その車載電池で注目されるのが、ギガファクトリー以来の大規模投資となる米国投資に踏み切るかどうかだ。パナソニックHDは23年度、約800億円を投資し、和歌山県に高容量の新型円筒形電池「4680」を量産する工場を建設する。ただ、これは「試作」にすぎない。同社が試作の先に見据えるのが「本丸」となる米国工場である。

大規模投資への判断に追い風を吹かすように、車載電池の業績は改善している。11日同社が発表した22年3月期連結決算では車載電池の営業利益は前の期比約2倍となり、3年ぶりの増収増益。電子部品事業などとともに全体の業績の押し上げ要因となり、パナソニックHDの売上高は2年ぶりに7兆円を回復した。
「短期間で米国工場を立ち上げる」
電気自動車(EV)用の電池は世界的に旺盛な状況が続くと見込まれる。すぐ増産に入る判断もあり得そうだが、まずは試作のための工場を建設するという。慎重姿勢を取るのはなぜなのか。
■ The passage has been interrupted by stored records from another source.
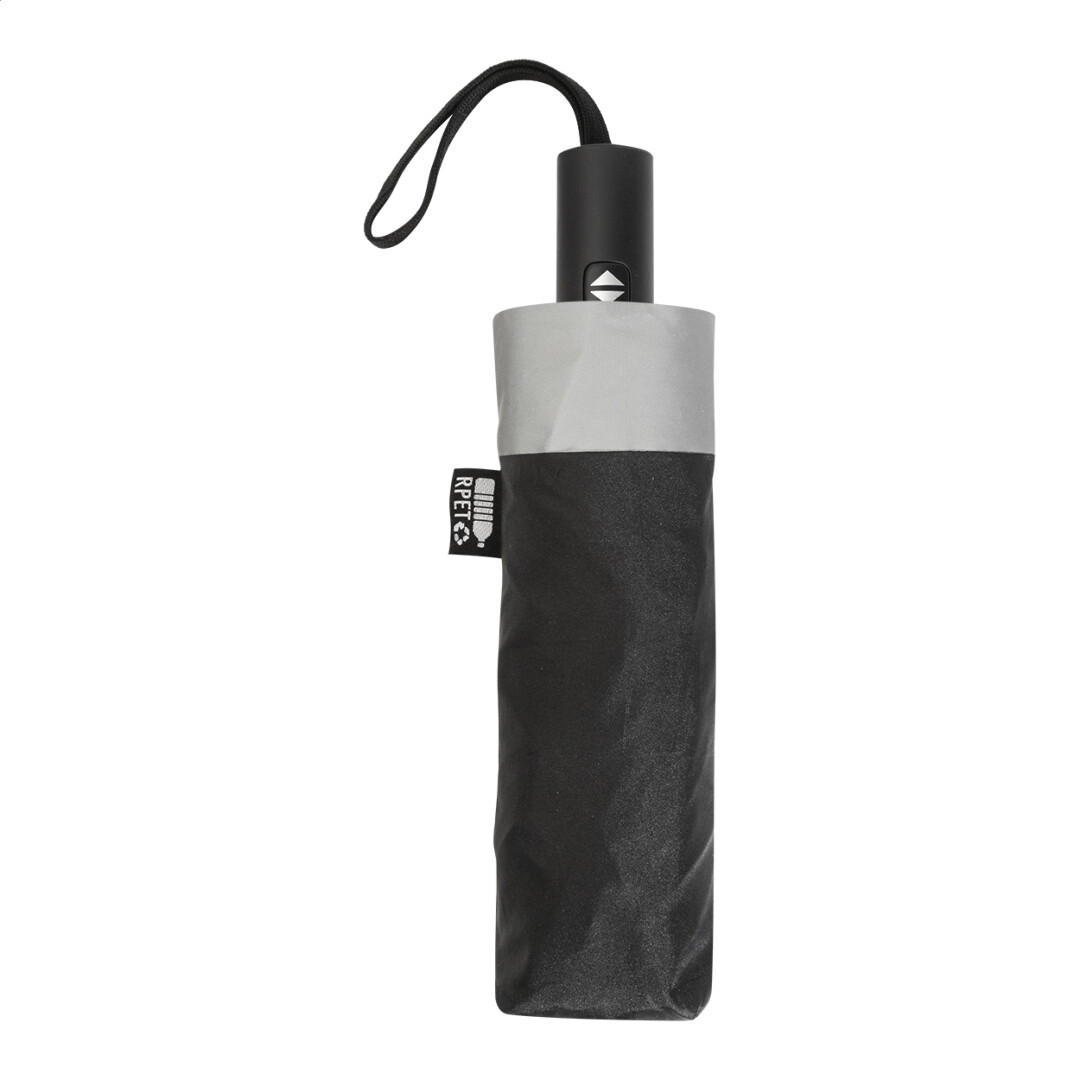 Veľký, plne automatický (otvoriť/zavrieť) vetruodolný skladací dáždnik so 4 panelmi z 190T RPET pongee a 4 panelmi z reflexnej tkaniny. S kovovým rámom, rebrami zo sklených vlákien a pogumovanou rukoväťou s pútkom na ruku. 190T RPET pongee. S charakteristickým štítkom RPET. New. Go Green. Dáždnikové panely: 4 panel. Mechanizmus dáždnika: Automatické (otváranie a zatváranie). Dáždnik - odolný proti vetru: Áno
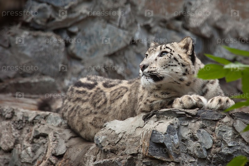 Снежный барс лежит на камнях
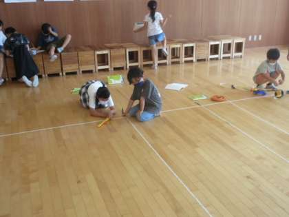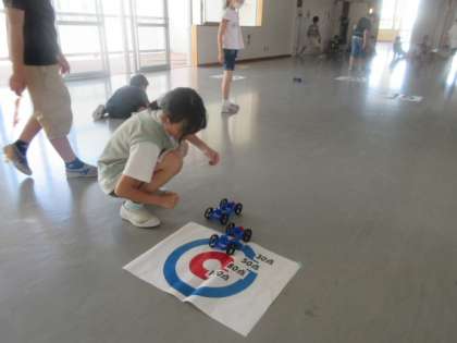 子供たちはぴったりに車が止まるよう、何度も試しながら、100点目指して実験を繰り返していました。
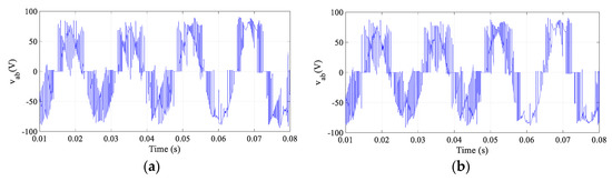 MC output line-line voltage under load variation: (a) MPC and (b) proposed SMPC.

パナソニックHD幹部の頭をかすめるのが17年に生産開始したギガファクトリーの立ち上げ時の苦労だ。世界でもトップ級の電池技術を持つ同社だが、歩留まりの改善に苦しみ、黒字化まで4年以上かかった。
エナジー社の只信一生社長は「今回は短期間で立ち上げられるように国内でまず見極める」と話す。電池業界に詳しい調査会社テクノ・システム・リサーチのアナリストは「前回の反省を受け、満を持して出て行く構えだろう」と解説する。
パナソニックHDは車載電池全体では中韓勢にシェアを奪われ続けている。だが、円筒形電池に限れば同社の優位性を評価する見方は多い。みずほ銀行の湯進主任研究員は「車載電池の世界最大手、中国の寧徳時代新能源科技(CATL)も24年に円筒形を量産する予定だが、この分野ではパナソニックHDに太刀打ちできない」と指摘。円筒形では同社が依然、技術面で他社を圧倒する。テスラが円筒形を使い続ける限り、優位性が続く可能性は高そうだ。
パナソニックHDが22年4月に移行した持ち株会社制度は、各事業会社の競争力強化が狙いだ。権限は従来以上に事業会社に委譲され、早速、ブルーヨンダー新会社の上場検討を打ち出した。車載電池を巡っては「中韓勢に見劣りする資金力」(アナリスト)が最大の弱点といわれ、上場の可能性を指摘する声が一部出ていた。楠見社長の発言でその現実味が高まった。